● Records contained in a dataset:
▼

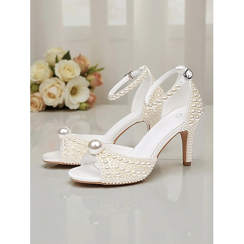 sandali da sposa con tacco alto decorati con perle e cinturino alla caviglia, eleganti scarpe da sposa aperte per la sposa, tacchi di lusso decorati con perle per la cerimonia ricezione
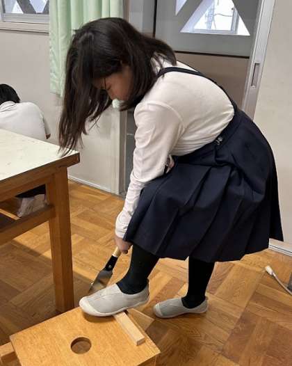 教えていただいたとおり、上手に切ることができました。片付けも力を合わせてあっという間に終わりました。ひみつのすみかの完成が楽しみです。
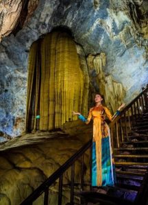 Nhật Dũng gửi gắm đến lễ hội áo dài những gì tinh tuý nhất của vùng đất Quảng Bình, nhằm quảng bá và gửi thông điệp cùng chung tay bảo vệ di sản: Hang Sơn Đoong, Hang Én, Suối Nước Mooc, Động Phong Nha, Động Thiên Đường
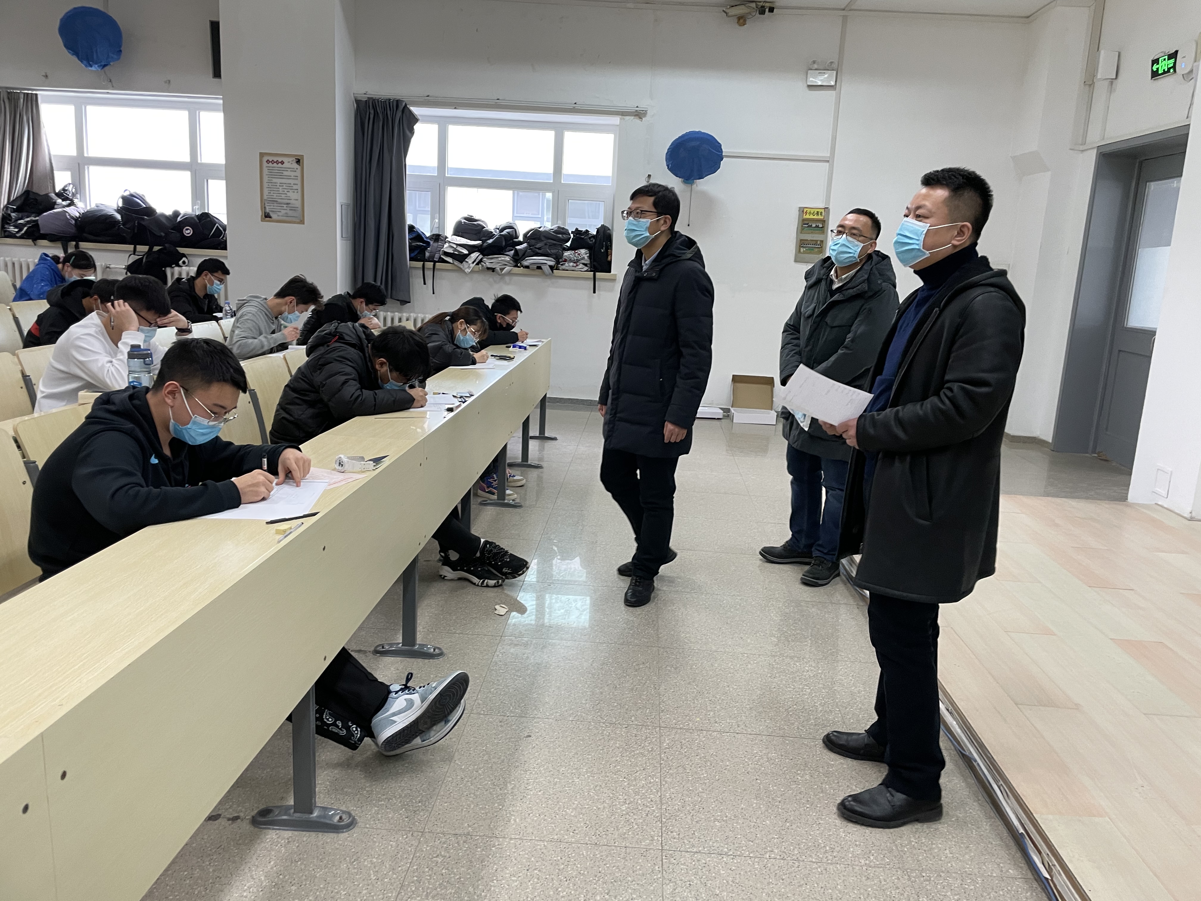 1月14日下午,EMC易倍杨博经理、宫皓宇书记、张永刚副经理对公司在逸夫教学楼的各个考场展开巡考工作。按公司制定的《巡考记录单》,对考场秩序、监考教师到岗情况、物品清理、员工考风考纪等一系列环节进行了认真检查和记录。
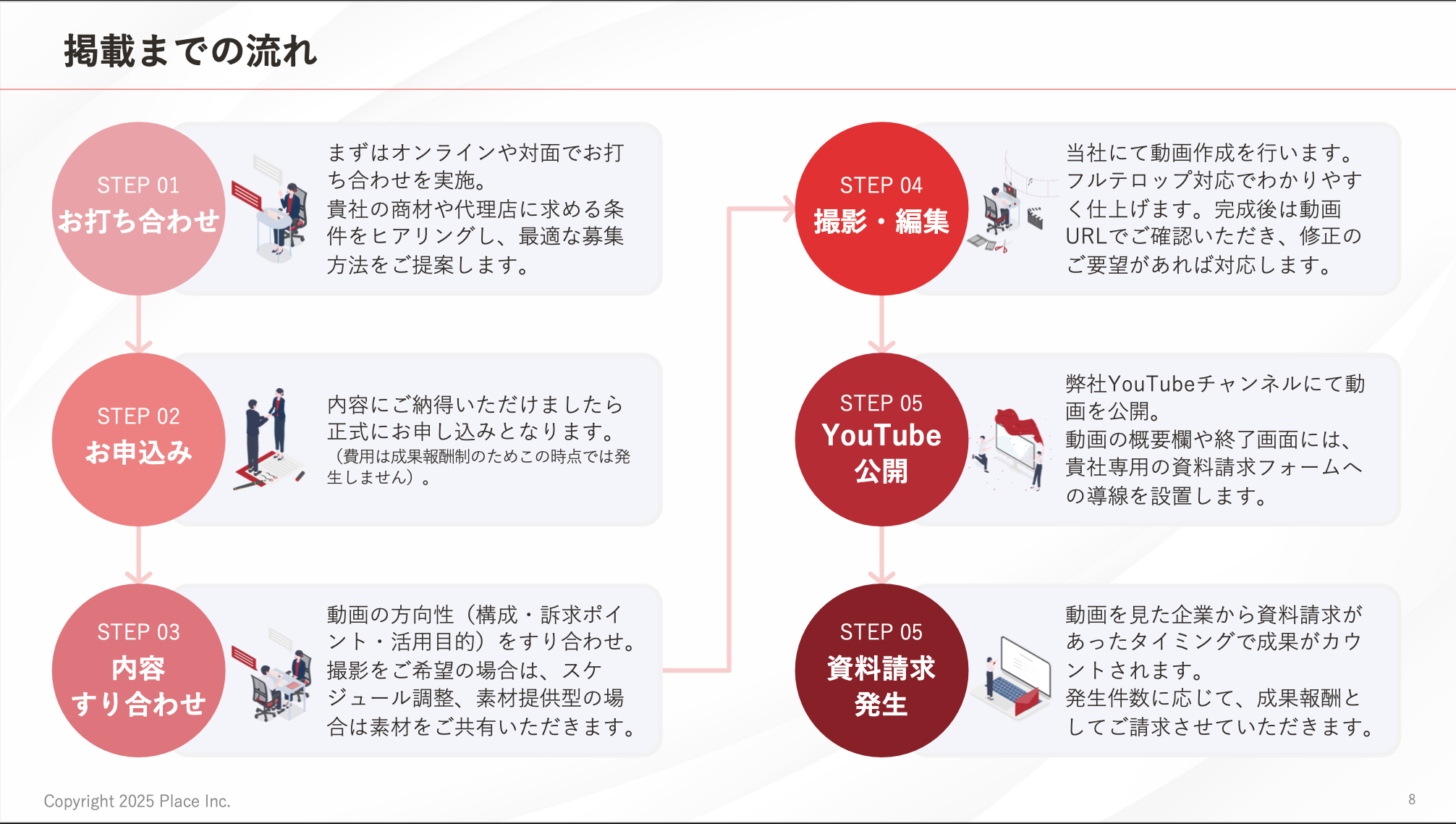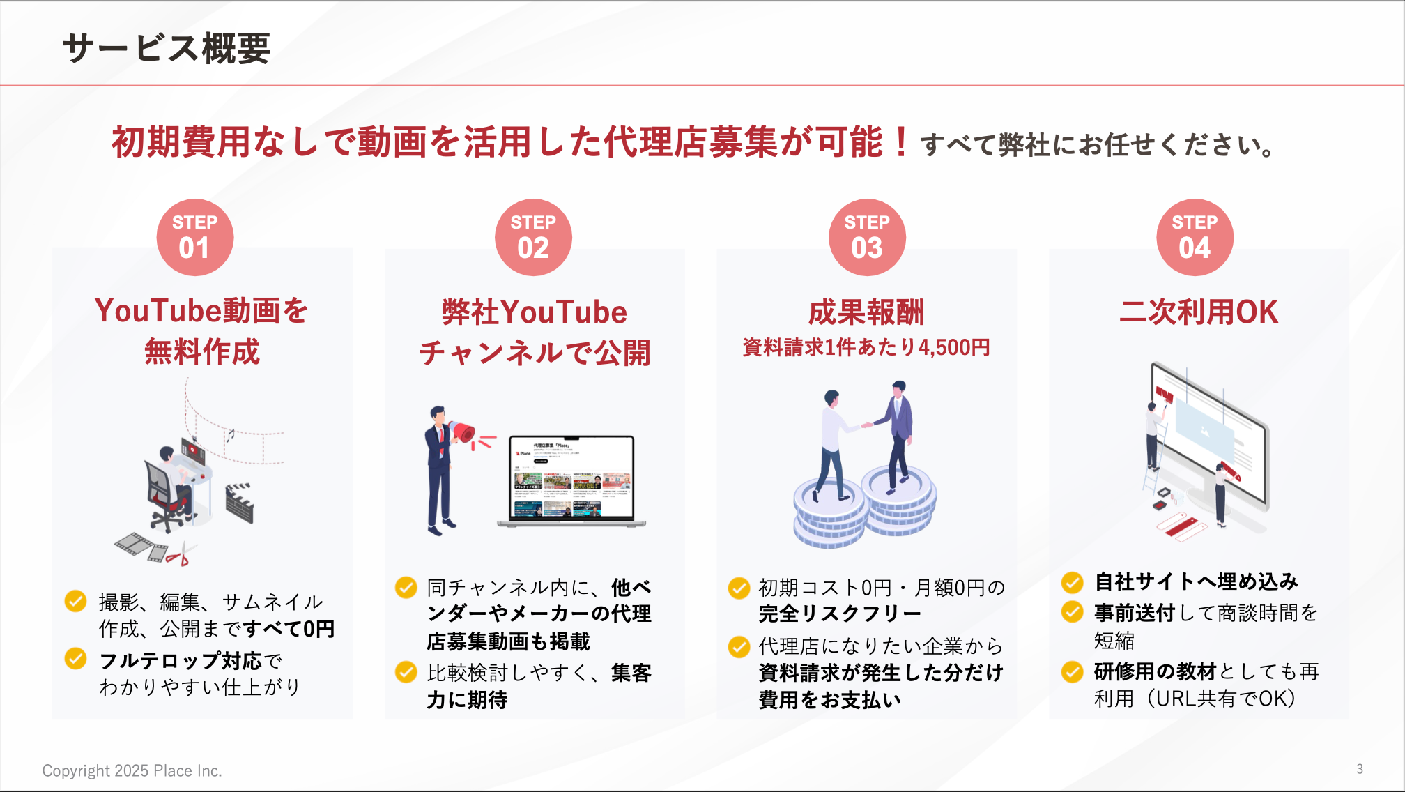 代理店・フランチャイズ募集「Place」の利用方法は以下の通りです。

▲

● Task to carry out:
The lines from the one with "1月14日下午,EMC易倍杨" to the end of the data above should be retyped exactly, both ends included, and pictures are to be left out.

● Answer to the problem:
 1月14日下午,EMC易倍杨博经理、宫皓宇书记、张永刚副经理对公司在逸夫教学楼的各个考场展开巡考工作。按公司制定的《巡考记录单》,对考场秩序、监考教师到岗情况、物品清理、员工考风考纪等一系列环节进行了认真检查和记录。
 代理店・フランチャイズ募集「Place」の利用方法は以下の通りです。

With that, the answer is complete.